Leo Lion Leo Lion - 1 month ago 12
HTML Question

Read the text of an web page in python

I do know, this question or similiar ones have already been asked. But the ones I found didn't provide the right answer for me so I ask here.

How can I get the text of an HTML site and which i can use to compare it to other given values?

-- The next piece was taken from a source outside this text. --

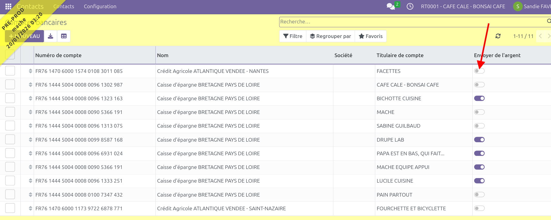 - Dans "Compte bancaire", appelez le compte comptable que vous venez de créer.
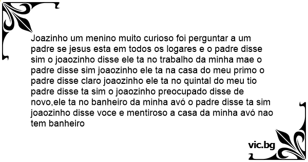Joazinho um menino muito curioso foi perguntar a um padre se jesus esta em todos os logares e o padre disse sim o joaozinho disse ele ta no trabalho da minha mae o padre disse sim joaozinho ele ta na casa do meu primo o padre disse claro joaozinho ele ta no quintal do meu tio padre disse ta sim o joaozinho preocupado disse de novo,ele ta no banheiro da minha avó o padre disse ta sim joaozinho disse voce e mentiroso a casa da minha avó nao tem banheiro

Lets say I have this web page:

<html>
<head>
<title>This is my page</title>

<center>
<div class="mon_title">Some title here</div>
<table class="mon_list" >
<tr class='list'><th class="list" align="center"></th><th class="list" align="center">Set 1</th><th class="list" align="center">Set 2</th><th class="list" align="center">Set 4</th><th class="list" align="center">Set 5</th><th class="list" align="center">Set 6</th><th class="list" align="center">Set 7</th><th class="list" align="center">Set 8</th><th class="list" align="center">Set 9</th><th class="list" align="center">Set 10</th><th class="list" align="center">Set 11</th><th class="list" align="center">Set 12</th></tr>
<tr class='list even'><td class="list" align="center">Value 1</td><td class="list" align="center">Value 2</td><td class="list" align="center">Value 3</td><td class="list" align="center">Value 4</td><td class="list" align="center">Value 5</td><td class="list">Value 6</td><td class="list">Value 7</td><td class="list" align="center">Value 8</td><td class="list" align="center">Value 9</td><td class="list" align="center">Value 10</td><td class="list" align="center">Value 11</td><td class="list" align="center">Value 12</td></tr>
<tr class='list even'><td class="list" align="center">Value 1</td><td class="list" align="center">Value 2</td><td class="list" align="center">Value 3</td><td class="list" align="center">Value 4</td><td class="list" align="center">Value 5</td><td class="list">Value 6</td><td class="list">Value 7</td><td class="list" align="center">Value 8</td><td class="list" align="center">Value 9</td><td class="list" align="center">Value 10</td><td class="list" align="center">Value 11</td><td class="list" align="center">Value 12</td></tr>
</table>


Sorry for any typos or missing parts. I hope you get the point of the page.
So now, my program should read if some given Values out of the table are the same as the given ones like "Is Value 2 somewhere in it?" and if it is actually it should ask "is Value 5 in the same row?"

Is that generally possible?
How much effort would be needed to construct the program?

All i got ist the download of the actual full HTML webpage with this code in python:

import requests

url = 'http://some.random.site.com/you/ad/here'
print (requests.get(url).text)


which gives me the HTML code you see above. Instead I want that what you get when you click CTRL+A on a Website and copy+paste it into an Editor file.

PS: I'm fairly new to programming so sorry if there are any concepts i don't really get or sth like it.
Also, sorry for my english I'm german...

Answer Source

You can use urllib and re to find the values:

import urllib.request
import re

data = str(urllib.request.urlopen(url).read())

values = re.findall("Value \d+", data)

Output:

['Value 1', 'Value 2', 'Value 3', 'Value 4', 'Value 5', 'Value 6', 'Value 7', 'Value 8', 'Value 9', 'Value 10', 'Value 11', 'Value 12', 'Value 1', 'Value 2', 'Value 3', 'Value 4', 'Value 5', 'Value 6', 'Value 7', 'Value 8', 'Value 9', 'Value 10', 'Value 11', 'Value 12']